* _Task brief_:
Begin at the line containing "スピード出版ラボ株式会社(代" in the entries below and end at the line containing "こちらはお客様よりお預かりし"; transcribe that range exactly and nothing outside it.

* _Recorded data_:
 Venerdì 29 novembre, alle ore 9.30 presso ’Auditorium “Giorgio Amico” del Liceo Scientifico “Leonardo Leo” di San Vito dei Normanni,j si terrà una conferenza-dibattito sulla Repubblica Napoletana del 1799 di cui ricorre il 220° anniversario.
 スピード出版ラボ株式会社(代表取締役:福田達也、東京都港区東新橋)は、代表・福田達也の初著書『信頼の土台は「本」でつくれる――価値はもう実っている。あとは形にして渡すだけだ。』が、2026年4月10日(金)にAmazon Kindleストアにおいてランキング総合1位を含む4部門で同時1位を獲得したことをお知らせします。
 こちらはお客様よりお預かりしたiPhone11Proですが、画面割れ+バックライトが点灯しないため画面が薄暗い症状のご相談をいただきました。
...
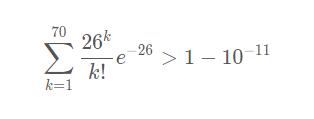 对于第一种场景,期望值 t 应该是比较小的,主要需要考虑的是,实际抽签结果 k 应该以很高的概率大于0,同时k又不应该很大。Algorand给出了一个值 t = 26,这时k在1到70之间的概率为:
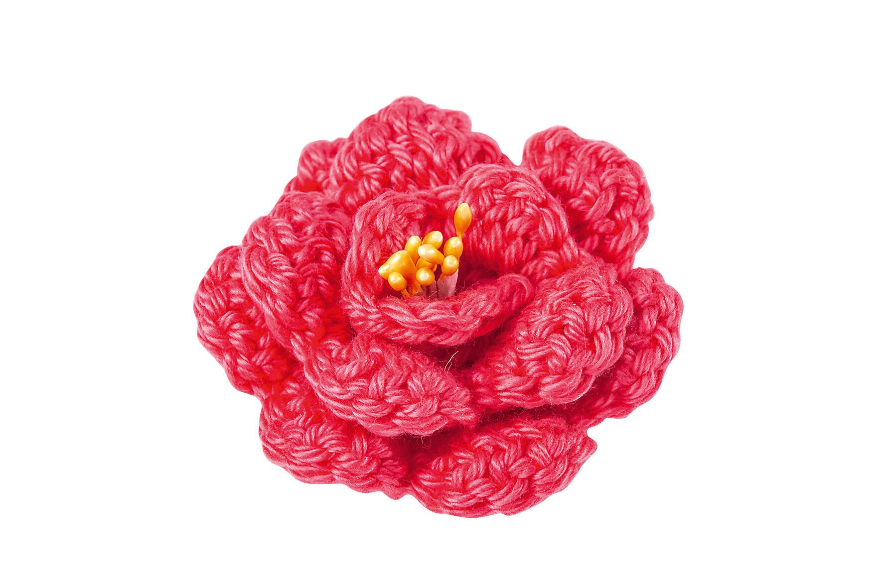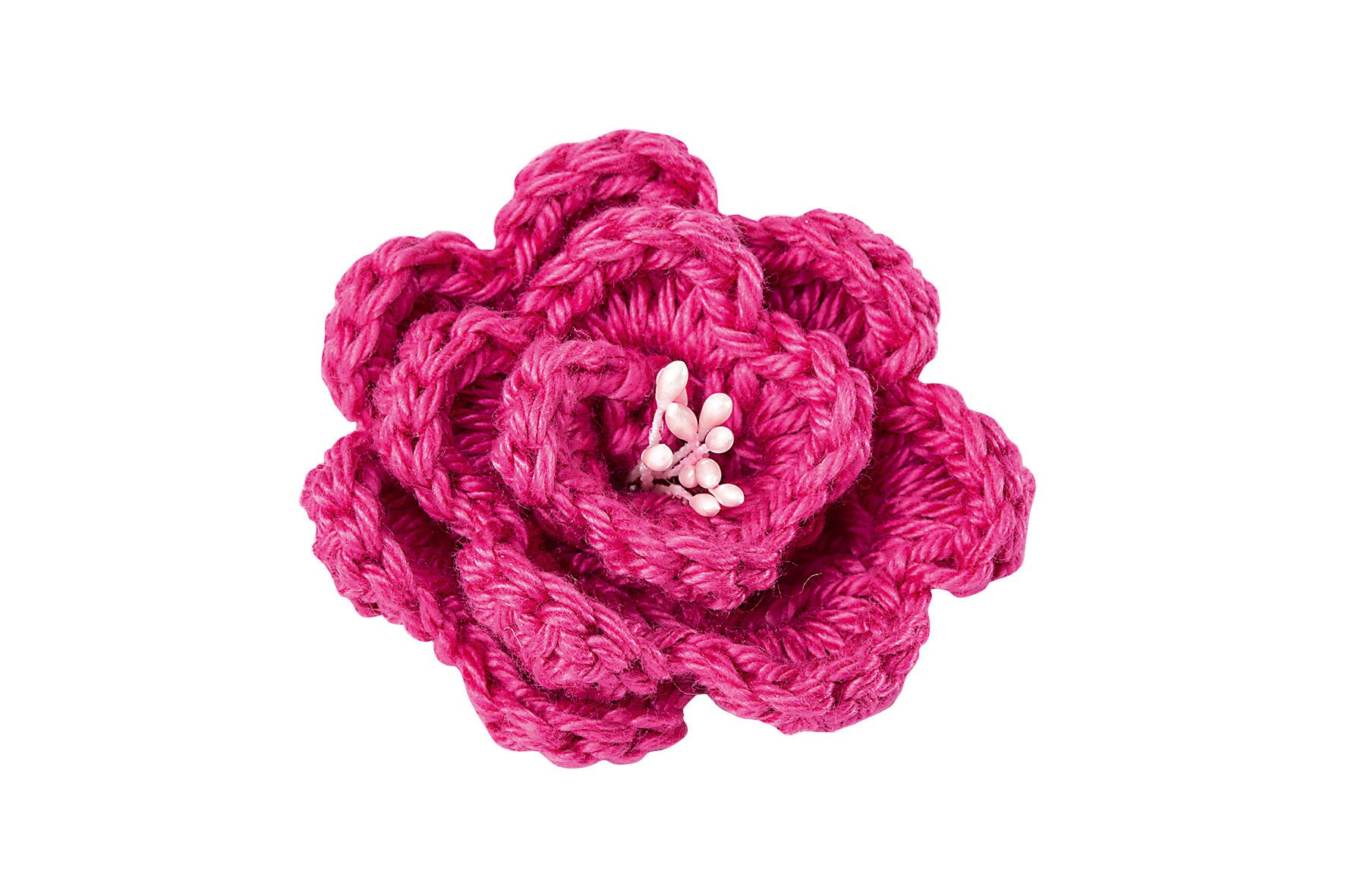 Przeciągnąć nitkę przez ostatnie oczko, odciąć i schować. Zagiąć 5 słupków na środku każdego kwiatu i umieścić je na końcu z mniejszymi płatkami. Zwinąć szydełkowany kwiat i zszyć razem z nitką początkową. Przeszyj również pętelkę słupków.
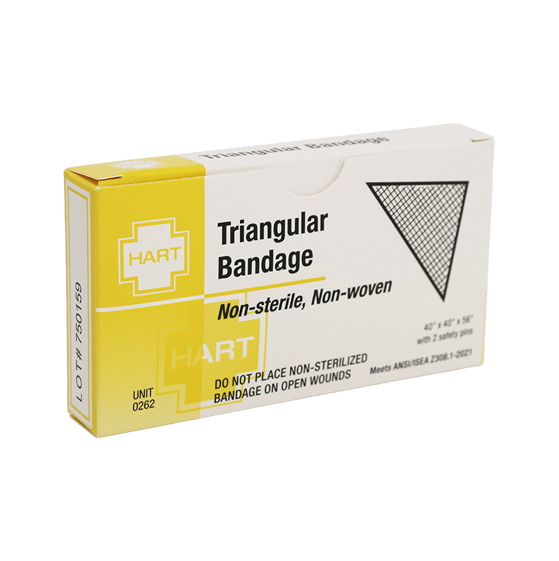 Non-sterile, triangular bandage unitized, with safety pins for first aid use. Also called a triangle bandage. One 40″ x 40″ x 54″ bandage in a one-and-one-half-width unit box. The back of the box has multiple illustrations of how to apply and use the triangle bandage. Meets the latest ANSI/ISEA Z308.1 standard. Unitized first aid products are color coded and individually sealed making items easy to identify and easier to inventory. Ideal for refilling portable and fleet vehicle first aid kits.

* _Written reply_:
 スピード出版ラボ株式会社(代表取締役:福田達也、東京都港区東新橋)は、代表・福田達也の初著書『信頼の土台は「本」でつくれる――価値はもう実っている。あとは形にして渡すだけだ。』が、2026年4月10日(金)にAmazon Kindleストアにおいてランキング総合1位を含む4部門で同時1位を獲得したことをお知らせします。
 こちらはお客様よりお預かりしたiPhone11Proですが、画面割れ+バックライトが点灯しないため画面が薄暗い症状のご相談をいただきました。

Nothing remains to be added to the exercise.